> Aim of the task
Using the data below, return word for word every line from the one holding "オオハナインコの鼻は丁度コザクラインコみたいに上の羽で隠れてます" down to the one holding "Ballerine in vernice". Leave pictures out.

> Available records
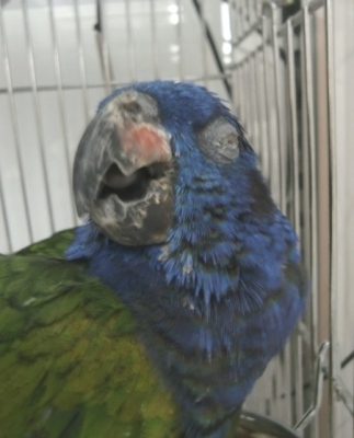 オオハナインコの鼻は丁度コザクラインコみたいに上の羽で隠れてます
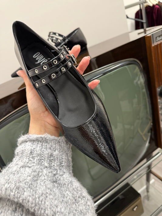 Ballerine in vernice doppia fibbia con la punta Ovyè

==

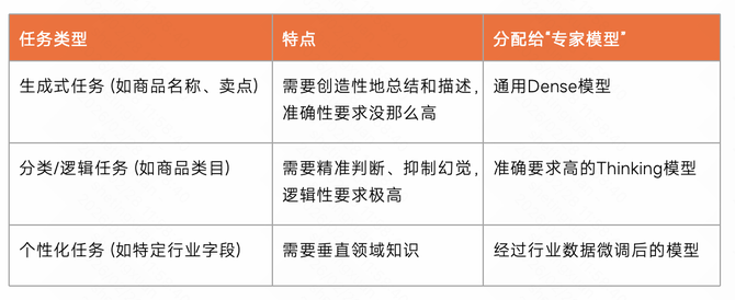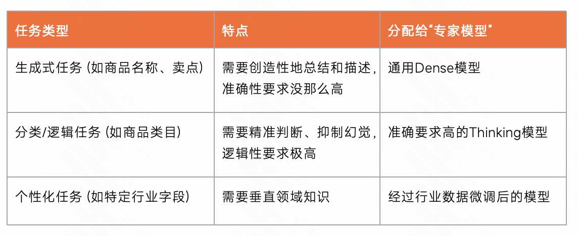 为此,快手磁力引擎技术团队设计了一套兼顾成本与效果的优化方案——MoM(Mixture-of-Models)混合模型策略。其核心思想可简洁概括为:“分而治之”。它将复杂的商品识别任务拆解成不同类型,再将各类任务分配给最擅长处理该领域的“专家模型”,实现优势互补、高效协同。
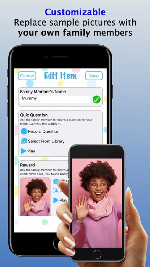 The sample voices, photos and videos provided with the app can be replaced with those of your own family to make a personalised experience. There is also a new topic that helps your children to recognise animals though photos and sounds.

--

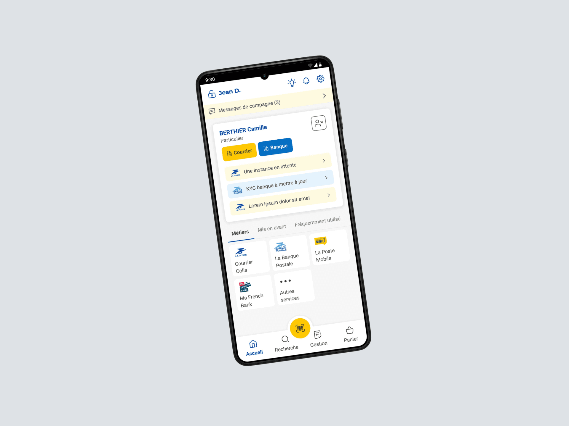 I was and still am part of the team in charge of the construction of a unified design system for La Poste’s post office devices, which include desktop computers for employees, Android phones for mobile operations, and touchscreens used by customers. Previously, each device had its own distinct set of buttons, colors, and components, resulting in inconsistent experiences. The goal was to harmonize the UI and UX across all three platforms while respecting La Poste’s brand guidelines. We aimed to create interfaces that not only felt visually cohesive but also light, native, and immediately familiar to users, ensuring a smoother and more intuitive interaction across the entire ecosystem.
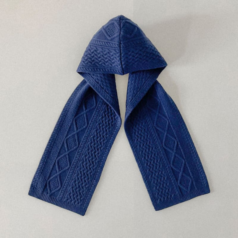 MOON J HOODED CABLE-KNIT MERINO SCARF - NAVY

> Exercise solution
 オオハナインコの鼻は丁度コザクラインコみたいに上の羽で隠れてます
 Ballerine in vernice doppia fibbia con la punta Ovyè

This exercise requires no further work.